They don’t know what they’re talking about. Either they’re too young to know better or too old to give a damn. They’ll also tell you all sorts of stuff like “You are as young as you feel”, yada, yada, yada.

But like I said – don’t believe them.

What’s the big deal, you ask? Let me explain. In detail. About how I slowly came to realise how the human mind is wired to deal with (or not deal with) age. There’s a whole lot of social stigma around ageing and all its intricacies.

If you’re Indian, and female to boot, you’ll know what I’m talking about.

At some point in your life, you’d have heard some distant Namita / Sarita / Fuckita auntie say (at a random wedding which you never wanted to attend in the first place but your mother had to drag you to) “Look at you, you’re 20 already??,” said auntie would gush all over you, stuffing her face with all the delicacies she could dump onto her already overflowing plate. “The last time I’d seen you, you were thi…….s high!”
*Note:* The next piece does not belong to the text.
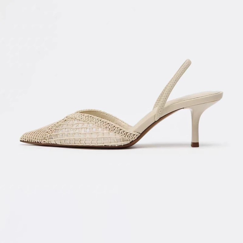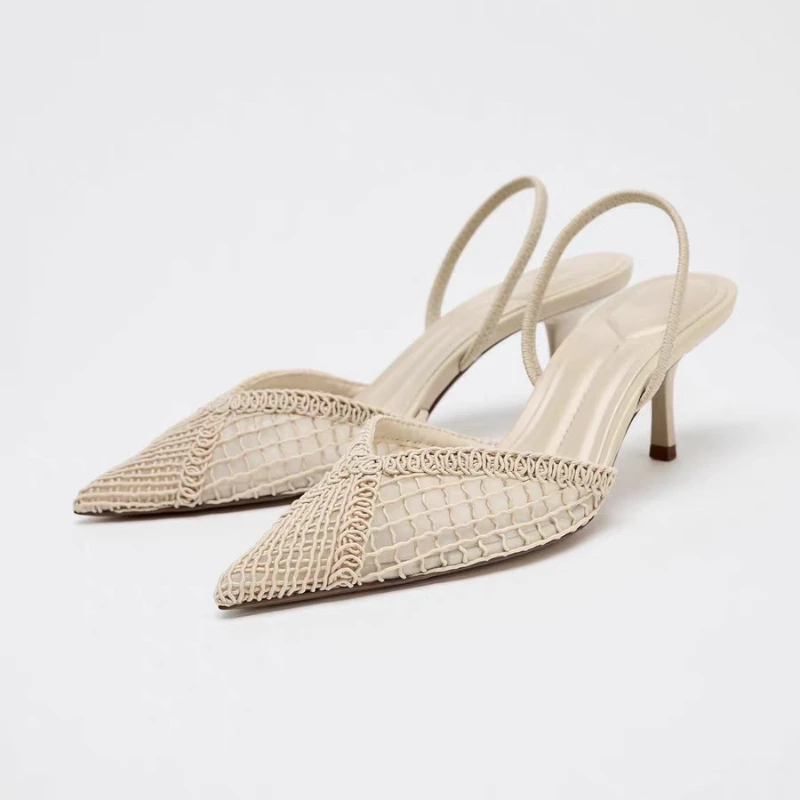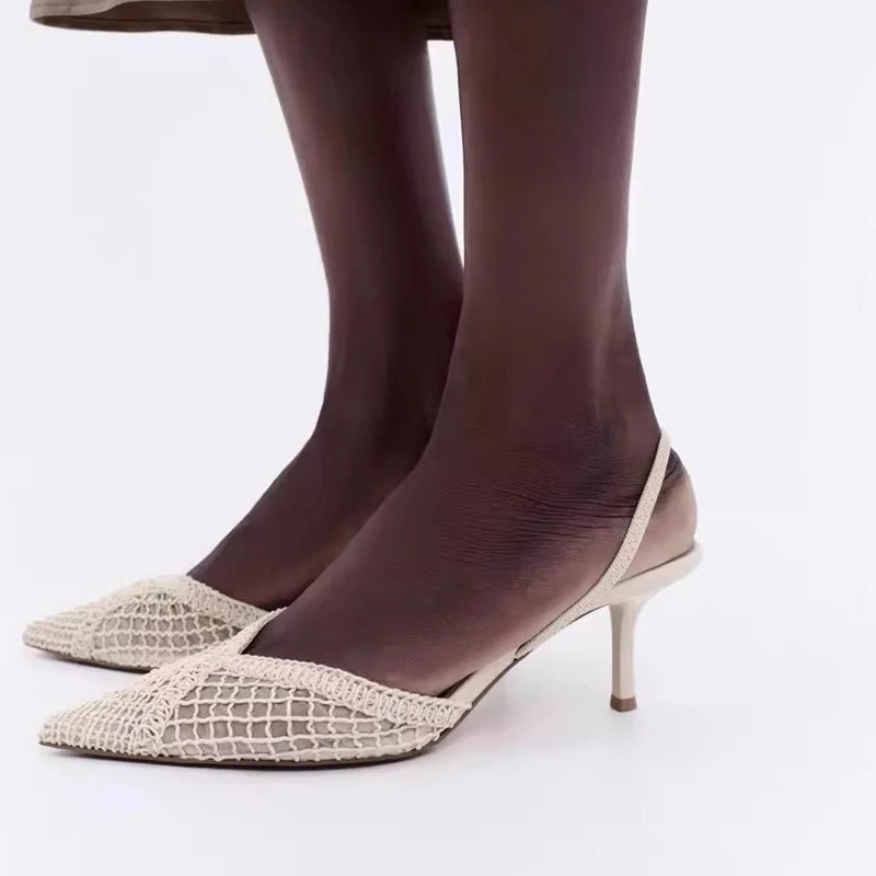 موضة الأسود شبكة جوفاء المنسوجة العلامة التجارية مضخات النساء الراحة أشار تو الضحلة صنادل عالية الكعب أنيقة رقيقة كعب أحذية مصممين

Seriously? 10 inches from the ground? What, did you just see me when I was a newborn and never after that? A pea-sized embryo in my mommy’s womb, maybe?

“Nobody can realistically be thaaaaat high, auntie,” I’d want to retort. “And what did you expect? That I’d be just as tiny all my life because you happened to see me that high at one point? Grow up!”

But one peek at my mom’s disapproving, silencing stare and I’d let myself be satisfied with just inwardly rolling my eyes.

If it stopped there, everything would still be okay. But that’d be too optimistic, wouldn’t it?

“Get her married,” the same obnoxious auntie would go on, all her multiple chins in tow, without missing a beat, “before you have trouble on your hands. HAHAHAHAHA….”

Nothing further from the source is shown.